Aaron was a man, just like every other priest. As a man, he felt responsible for the work he was supposed to do. But he also experienced the concerns of everyday life–anxiety, perhaps, fear, loneliness, doubt, greed, envy, lust, and more. There were some times and some priests, I’m sure, where very little thought was given to the people or to the Lord’s will because the priest was preoccupied with his own stuff.

Jesus, our perfect priest, however, did not suffer from the sinful and/or selfish concerns that every other priest wrestled with as he did his duty for God. Jesus needed no reminder that his priestly ministry was for the people. The Bible tells us that his people were chosen by name to be in Christ before the foundation of the world. Jesus was able to reveal God’s will like no other priest because he was God in the flesh. He did not need the Urim and Thummim over his heart to know and be conscious of God’s will; he knew God’s will intimately because he was the one willing it. Likewise, he did not need a reminder of the people whose sins he atoned for because he knew perfectly and completely each one of us. As the perfect man, because of his divinity, he was and is able to be our perfect priest without being distracted by his own human “stuff.” Instead of bearing a category representing us over his heart, he made atonement for and intercedes for us because we are in his heart.

Praise Jesus for fulfilling the symbols in this passage perfectly as our great high priest.

Exodus 19, Job 37, Psalm 67

Today’s Bible passages are Exodus 19, Job 37, and Psalm 67.

This devotional is about Exodus 19 and Psalm 67.

The Old Testament is largely about Israel and God’s relationship with her. From the call of Abraham onward, God promised blessings to Israel and called the people of that nation to believe in him and obey his commands. God’s promises and commands to Israel were not for Israel alone, however. God’s plan was to work THROUGH Israel to reach people all over the world with the knowledge of him.

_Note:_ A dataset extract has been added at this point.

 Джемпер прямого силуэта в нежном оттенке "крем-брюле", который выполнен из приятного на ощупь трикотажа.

Even here in Exodus 19, where God revealed his power and holiness in a dramatic way, he also emphasized the global impact that Israel’s faith was supposed to have. When God said in verse 6, “you will be for me a kingdom of priests” this is what he was talking about. Priests stand between God and humanity. They teach God’s word to his people and they make atonement for their sins.

But Israel was to be an entire kingdom of priests. Why? So that they could mediate to the whole world God’s love and God’s truth.

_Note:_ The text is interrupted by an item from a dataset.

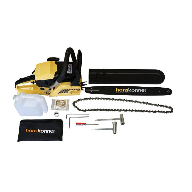 Combination wrench, plastic bar guard, saw bar, hex wrenches, saw chain, measuring container for fuel mixture preparation, toothed stop, documentation, screwdriver

This theme is also described in Psalm 67 which we read today. Notice:

  • “so that your ways may be known on earth, your salvation among all nations (v. 2)
  • “May the nations be glad and sing for joy” (v. 4)
  • “May the peoples praise you, God; may all the peoples praise you” (v 5)
  • “May God bless us still, so that all the ends of the earth will fear him (v. 7).

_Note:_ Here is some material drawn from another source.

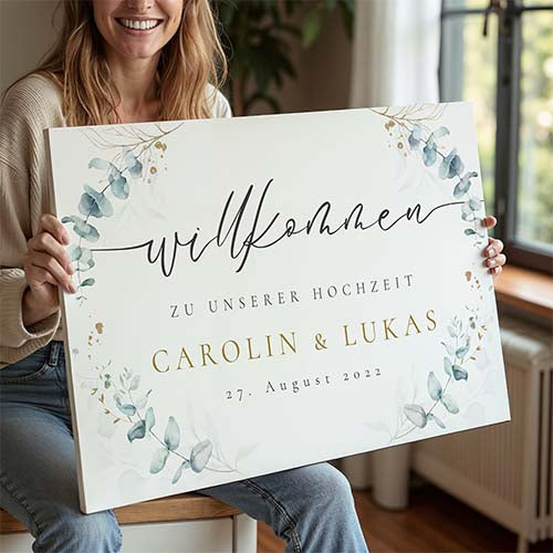Dein personalisiertes Hochzeitsschild kann direkt ausgepackt und verwendet werden. Wir empfehlen, das Schild auf eine Staffelei zu stellen.

Ultimately, these promises came to fulfillment in Christ. Israel could never trust and obey the Lord enough to inherit these promises apart from Christ. But, by God’s grace, Jesus came into the world through the nation of Israel and now he is calling people all over the world to the faith in him that Israel never had. These promises will eventually be fulfilled when Jesus establishes his earthly kingdom. Until then, however, we are here to be part of calling the world to faith in him. This is why we send and support missionaries; it is also why we are called to make disciples ourselves, baptizing and teaching them to observe the commands of Jesus (Matt 28:20).

Are you giving to support the work of the gospel through world missions–either our missionaries or others? Are you looking for ways to begin conversations about Jesus with others?